**What the task requires:**
Set down each line of the material that follows exactly, and leave its pictures out.

**Exercise data:**
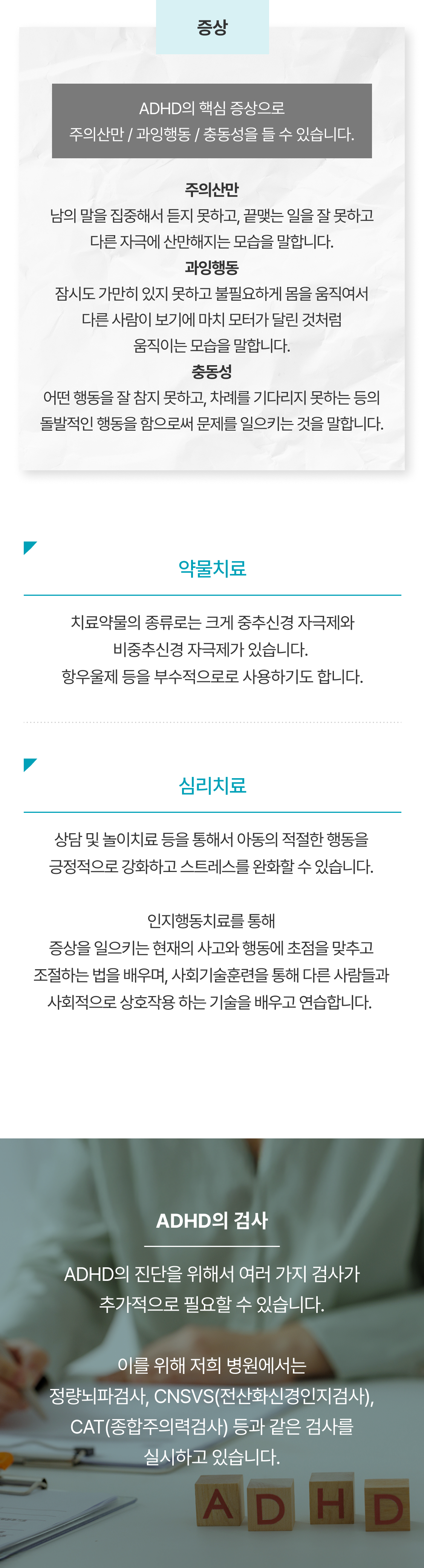 ADHD의 핵심 증상으로 주의산만 / 과잉행동 / 충동성을 들 수 있습니다.
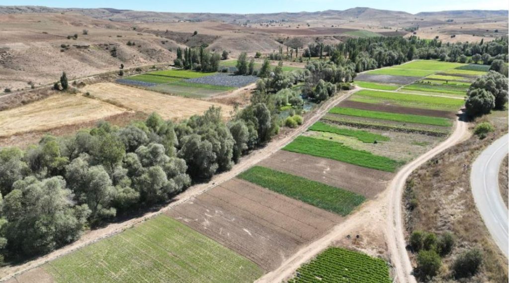 Sivas’ın Yıldızeli ilçesine bağlı Töngel köyünde 80 dönümlük araziye ekilen 10 çeşit sebze adeta bozkırı yeşertti.
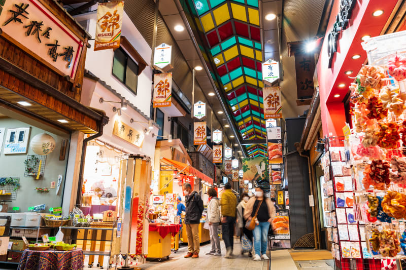 知る人ぞ知る、約400年の歴史を誇る京都の大規模な市場。生鮮保存に最適な降り井戸があったことから魚市場として栄え、現在では京都の食文化を司る「京の台所」としても親しまれています。約390メートル続く長いアーケード街には、飲食店や土産物屋がたくさん!
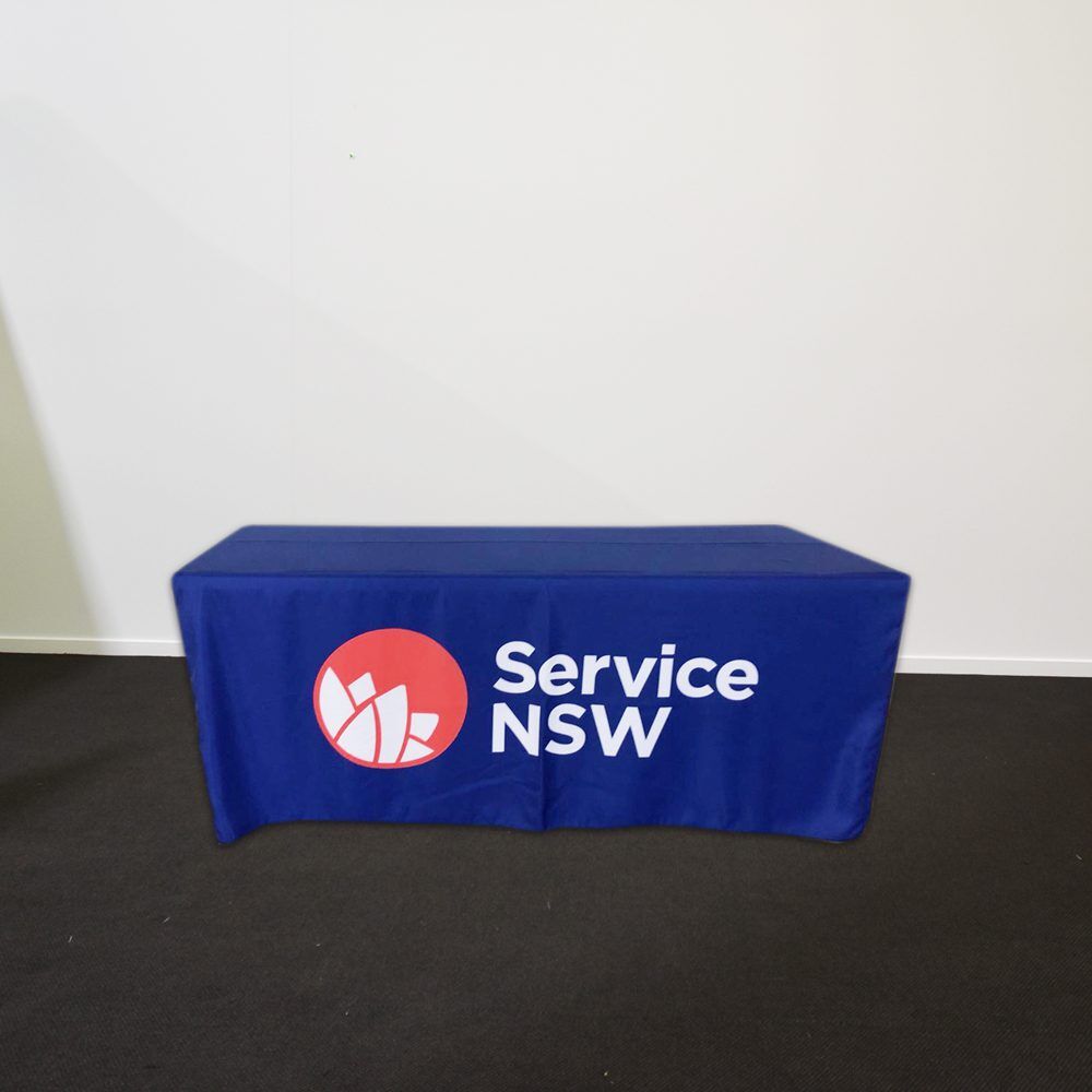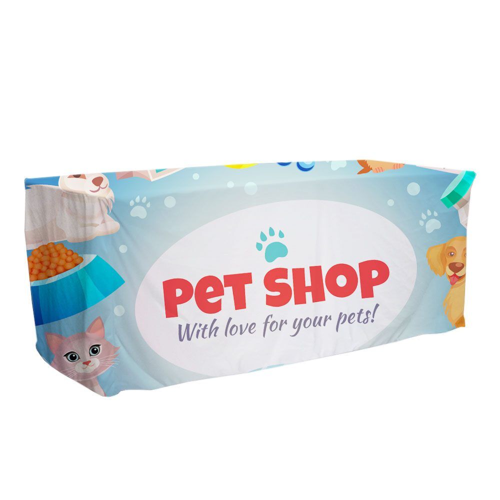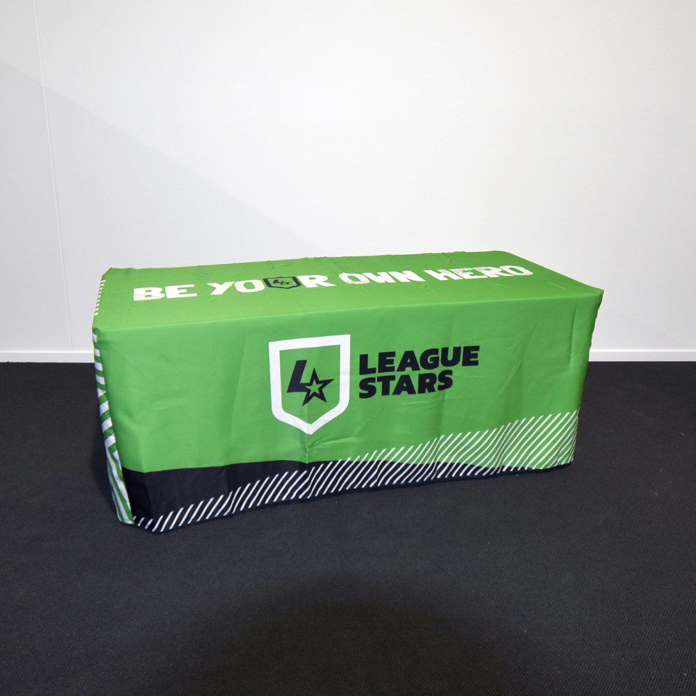 Our digitally printed fitted table covers are printed with only the best UV treated inks using our PMS colour chart. fully hemmed on all sides and using a thick 800D material that let’s no light pass through it. The amount of colours or complexity of your design or artwork does not affect the price – this is a full colour digital print process as opposed to screen printing which is priced per colour and other variables.

**Response area:**
 ADHD의 핵심 증상으로 주의산만 / 과잉행동 / 충동성을 들 수 있습니다.
 Sivas’ın Yıldızeli ilçesine bağlı Töngel köyünde 80 dönümlük araziye ekilen 10 çeşit sebze adeta bozkırı yeşertti.
 知る人ぞ知る、約400年の歴史を誇る京都の大規模な市場。生鮮保存に最適な降り井戸があったことから魚市場として栄え、現在では京都の食文化を司る「京の台所」としても親しまれています。約390メートル続く長いアーケード街には、飲食店や土産物屋がたくさん!
 Our digitally printed fitted table covers are printed with only the best UV treated inks using our PMS colour chart. fully hemmed on all sides and using a thick 800D material that let’s no light pass through it. The amount of colours or complexity of your design or artwork does not affect the price – this is a full colour digital print process as opposed to screen printing which is priced per colour and other variables.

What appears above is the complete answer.